:: Dataset records ::

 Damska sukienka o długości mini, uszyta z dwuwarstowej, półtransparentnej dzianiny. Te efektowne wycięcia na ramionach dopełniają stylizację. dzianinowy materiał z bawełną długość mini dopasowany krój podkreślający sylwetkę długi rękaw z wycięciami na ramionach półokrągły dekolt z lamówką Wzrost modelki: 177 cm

:::
:: Dataset records ::

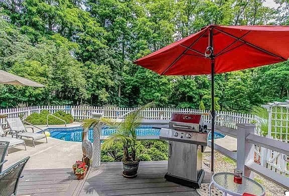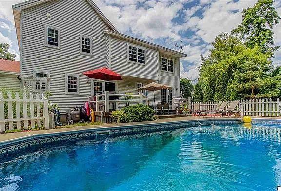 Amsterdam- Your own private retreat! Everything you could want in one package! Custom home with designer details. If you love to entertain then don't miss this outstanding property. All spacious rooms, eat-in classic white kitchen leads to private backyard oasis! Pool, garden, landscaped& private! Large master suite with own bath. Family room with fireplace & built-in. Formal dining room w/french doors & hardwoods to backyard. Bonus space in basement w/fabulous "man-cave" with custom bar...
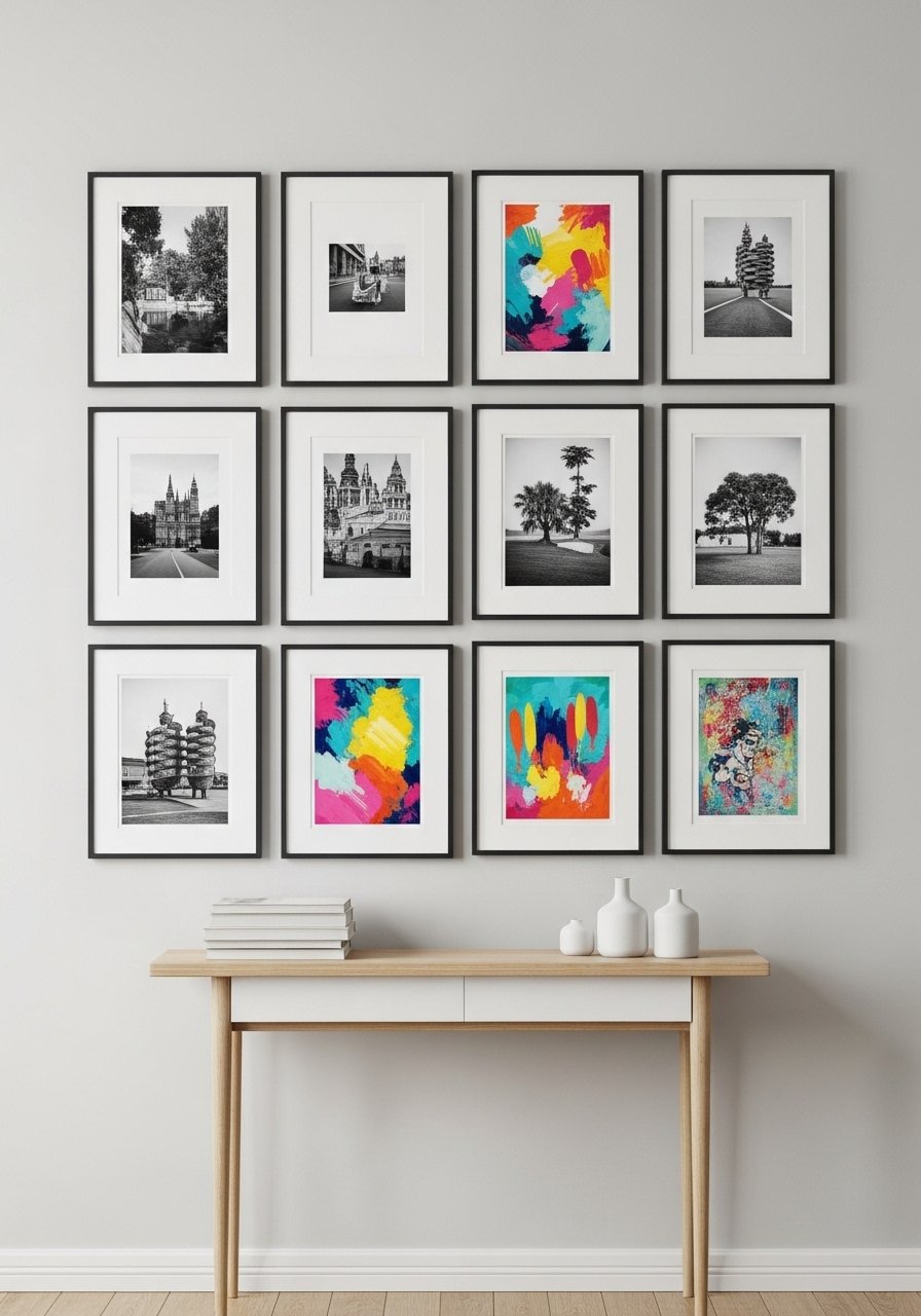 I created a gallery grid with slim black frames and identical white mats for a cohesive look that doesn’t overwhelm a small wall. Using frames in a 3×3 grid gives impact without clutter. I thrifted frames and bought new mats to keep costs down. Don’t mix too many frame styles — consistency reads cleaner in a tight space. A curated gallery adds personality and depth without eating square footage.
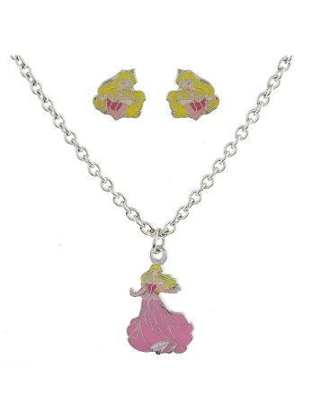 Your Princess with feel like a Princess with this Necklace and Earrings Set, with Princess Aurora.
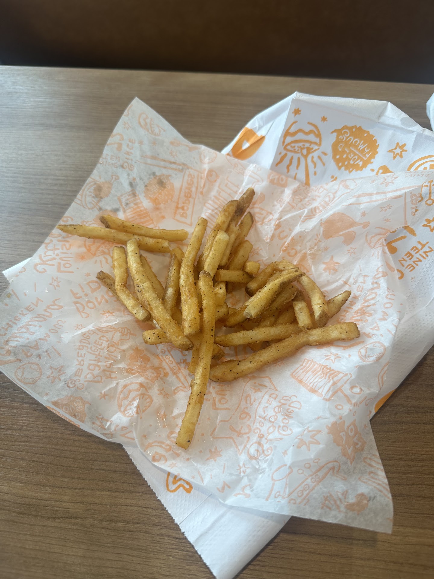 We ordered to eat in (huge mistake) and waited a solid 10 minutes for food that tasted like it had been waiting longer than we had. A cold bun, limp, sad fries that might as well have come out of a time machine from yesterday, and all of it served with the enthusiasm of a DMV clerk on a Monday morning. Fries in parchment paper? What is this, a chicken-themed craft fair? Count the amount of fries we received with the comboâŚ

:::
:: Dataset records ::

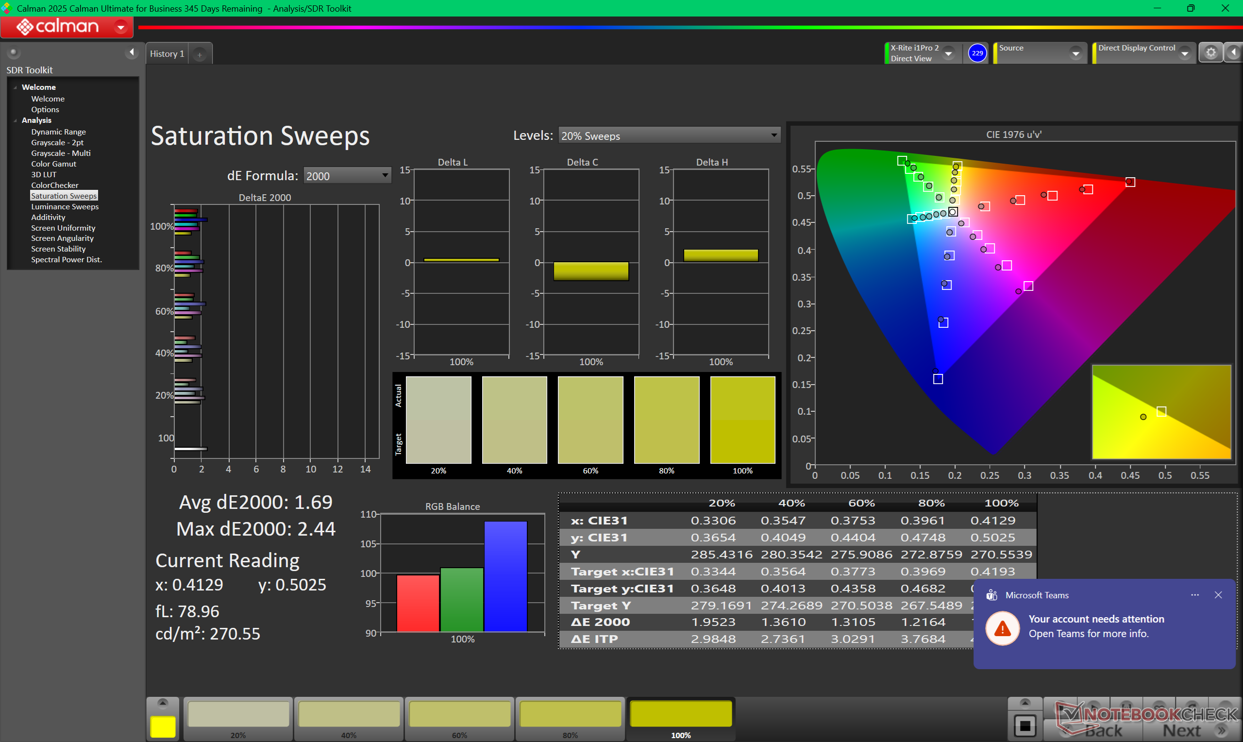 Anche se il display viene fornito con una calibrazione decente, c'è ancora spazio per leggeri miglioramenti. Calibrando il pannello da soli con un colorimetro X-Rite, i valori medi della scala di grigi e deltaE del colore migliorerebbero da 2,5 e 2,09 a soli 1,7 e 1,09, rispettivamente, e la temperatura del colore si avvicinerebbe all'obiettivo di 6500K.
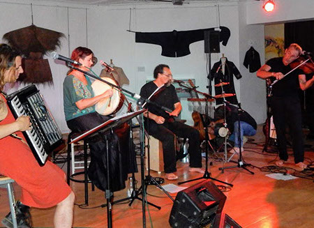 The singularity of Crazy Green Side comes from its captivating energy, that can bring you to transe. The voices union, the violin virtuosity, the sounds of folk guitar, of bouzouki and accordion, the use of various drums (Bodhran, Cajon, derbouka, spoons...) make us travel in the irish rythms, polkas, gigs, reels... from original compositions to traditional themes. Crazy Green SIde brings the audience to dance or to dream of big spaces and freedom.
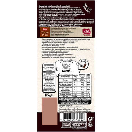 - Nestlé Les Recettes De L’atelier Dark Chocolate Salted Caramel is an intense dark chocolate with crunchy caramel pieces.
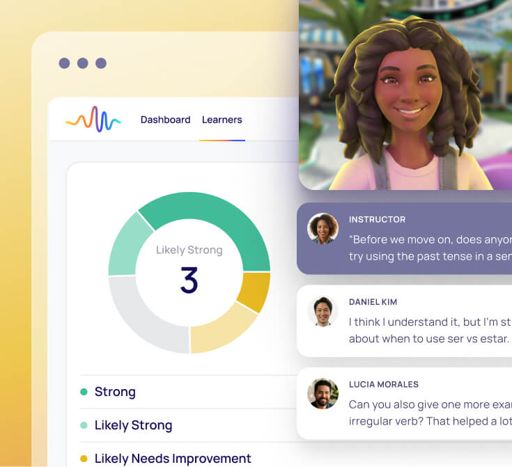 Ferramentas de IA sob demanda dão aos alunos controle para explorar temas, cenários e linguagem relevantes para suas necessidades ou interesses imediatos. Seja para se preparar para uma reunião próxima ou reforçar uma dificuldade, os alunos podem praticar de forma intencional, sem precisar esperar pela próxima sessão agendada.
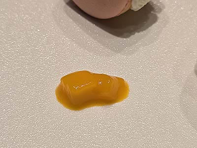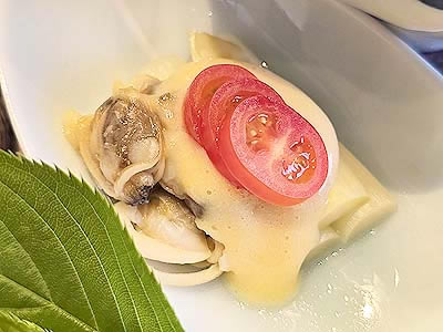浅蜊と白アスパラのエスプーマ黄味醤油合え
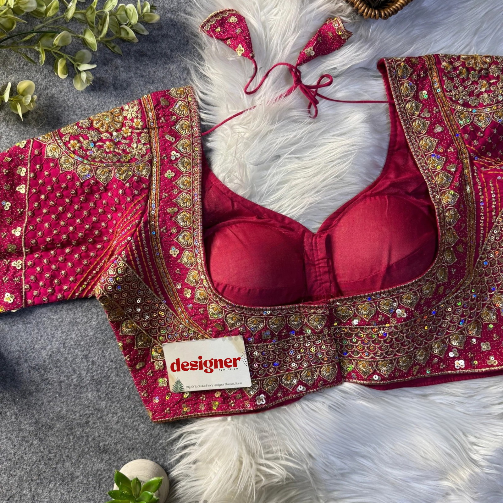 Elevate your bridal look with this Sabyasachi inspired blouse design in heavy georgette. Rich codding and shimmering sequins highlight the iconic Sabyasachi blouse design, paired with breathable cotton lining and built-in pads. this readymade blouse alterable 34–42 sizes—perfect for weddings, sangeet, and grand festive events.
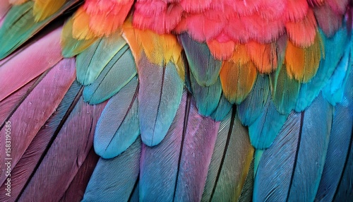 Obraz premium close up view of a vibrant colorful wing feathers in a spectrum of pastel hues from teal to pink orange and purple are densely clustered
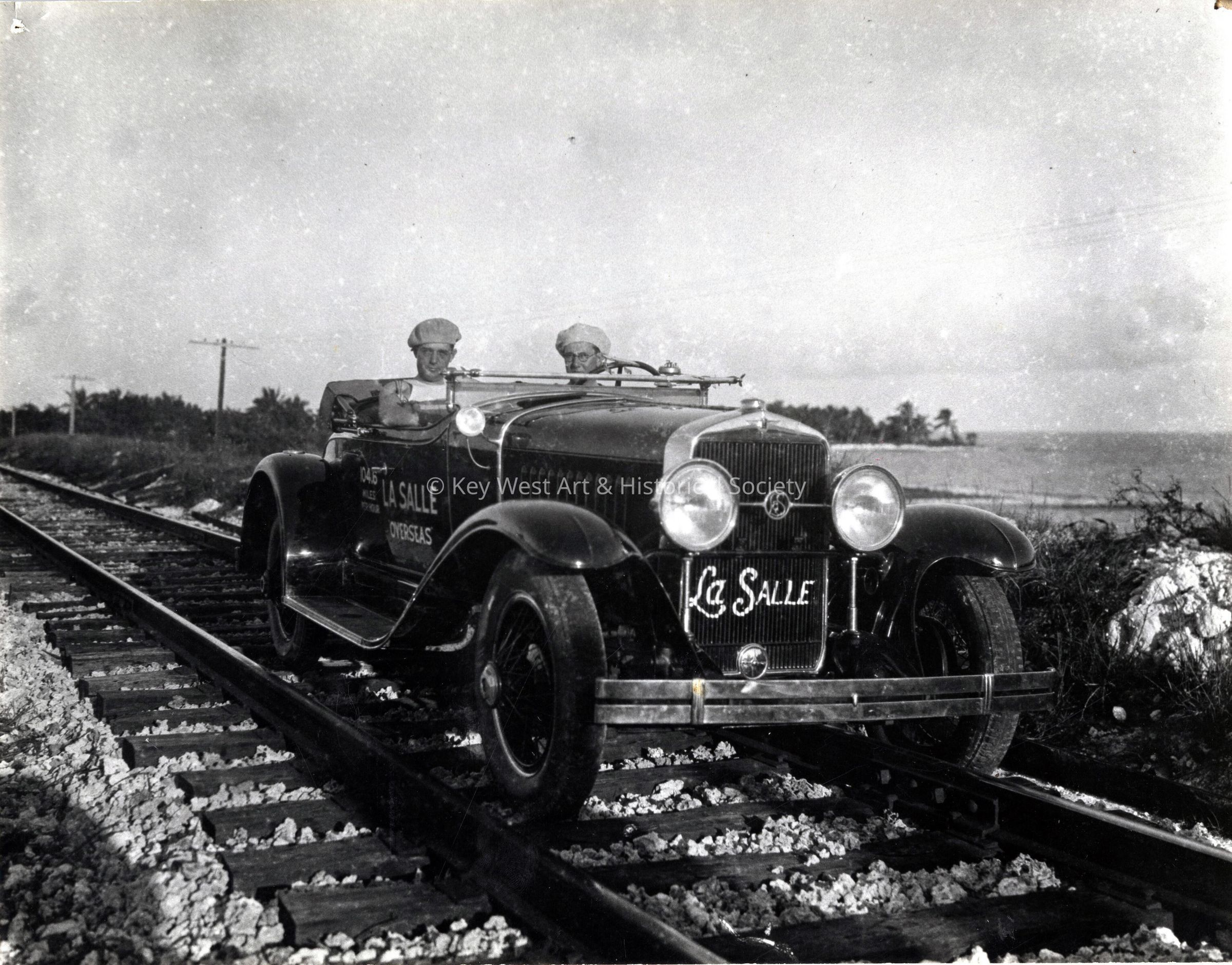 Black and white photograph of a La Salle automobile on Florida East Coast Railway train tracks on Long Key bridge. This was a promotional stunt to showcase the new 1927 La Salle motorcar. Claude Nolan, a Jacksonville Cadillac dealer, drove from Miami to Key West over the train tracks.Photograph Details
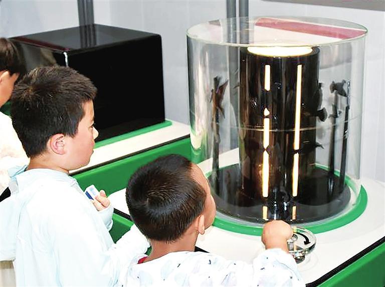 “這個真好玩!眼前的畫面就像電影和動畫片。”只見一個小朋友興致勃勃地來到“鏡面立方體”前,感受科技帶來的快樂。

:::

#### Your instructions:
From the material above, reproduce only what runs from the line holding "I created a" down to the line holding "We ordered to", both included, pictures excluded.

#### Result of the exercise:
 I created a gallery grid with slim black frames and identical white mats for a cohesive look that doesn’t overwhelm a small wall. Using frames in a 3×3 grid gives impact without clutter. I thrifted frames and bought new mats to keep costs down. Don’t mix too many frame styles — consistency reads cleaner in a tight space. A curated gallery adds personality and depth without eating square footage.
 Your Princess with feel like a Princess with this Necklace and Earrings Set, with Princess Aurora.
 We ordered to eat in (huge mistake) and waited a solid 10 minutes for food that tasted like it had been waiting longer than we had. A cold bun, limp, sad fries that might as well have come out of a time machine from yesterday, and all of it served with the enthusiasm of a DMV clerk on a Monday morning. Fries in parchment paper? What is this, a chicken-themed craft fair? Count the amount of fries we received with the comboâŚ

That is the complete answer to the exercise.